= Charles Bernardy =

Charles-Alexandre Bernard (17 May 1724, Antwerp – 15 June 1807, rue de Vaugirard, Paris), known as Charles Bernardy, was a dancer, choreographer and dancing master.

He criss-crossed the Southern Netherlands, the Netherlands, the principality of Liège and France continuously for 40 years. From October 1752 until Palm Sunday 1753, Bernardy and his wife directed the theatre at Ghent, where she had already dancing in the preceding season (in Prince of Orange's troop). The Prince of Orange's troop was at The Hague in May 1753, but Charles Bernardy does not seem to have followed them there. In 1755, he was one of the lead dancers of the Theater am Kärntnertor at Vienna, under the direction of the choreographer Franz Hilverding. Ribou and Baptiste, actors from Ghent and Brussels, had already moved to that theatre and would surely have sung Bernardy's praises to its intendant comte Durazzo. Bernardy remained there for several seasons and there met dancers such as Antoine Pitrot and the future choreographer Gasparo Angiolini. In 1759 he put on ballets such as Les Turcs and Les Perruquiers there.

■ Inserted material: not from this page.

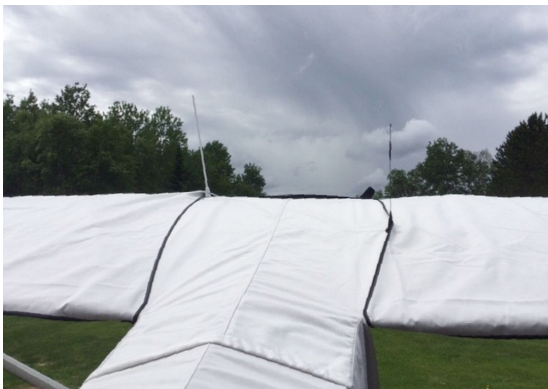
Piper PA-18-150 Super Cub Complete Cover Set

This cover type is made from Silver Acrylic Sunbrella canvas and is 100% lined with a soft and smooth microfiber. Bruce's Custom Covers developed this material combination especially for aircraft protection. The outer material is medium weight and treated for water resistance, UV resistance and anti-static buildup. The inner lining is a very soft and smooth microfiber to prevent scratching. The material is very reflective, and tests show that the cabin interior temperature can be reduced to near-ambient temperature on the hottest of days. It is water, ice and snow repellent, yet breathable to allow moisture to escape from between the cover and the aircraft surface.

Called to Brussels as ballet-master for the 1763–1764 season, Bernardy put on the ballet Rhœcus ou les Hamadryades at the Théâtre de la Monnaie, premiering on 29 May 1763. A month later, he composed Circé ou la Délivrance des compagnons d'Ulysse.

Next, he danced in London in 1764 and 1765, led his troop to Amiens, Arras and Calais, then returned to Ghent in autumn 1766. From 1767 to 1774, he directed the theatre in Liège, then in Spa and then in Maastricht.

In 1775, he gathered a children's troupe, directing them at Antwerp and Rotterdam under the name of the "Brabantsche Kinderen" (The Brabant Children). From 1775 to 1780, the troupe put on shows at Amiens, Cambrai, Strasbourg, Colmar, Paris (at the "théâtre des Petits Comédiens du Bois de Boulogne"), Angers, Le Mans, Aix-en-Provence, Toulon, Marseille, Dijon, Passy, Saint-Quentin, Antwerp and Brussels.

Bernardy finally settled down at Liège, from there directing the theatres at Spa, Maastricht, Ghent, Bruges and Ostend. He gave up the direction of these theatres from 1793 and installed himself in Paris with his granddaughter, mademoiselle Fleury, actress in the Comédie-Française.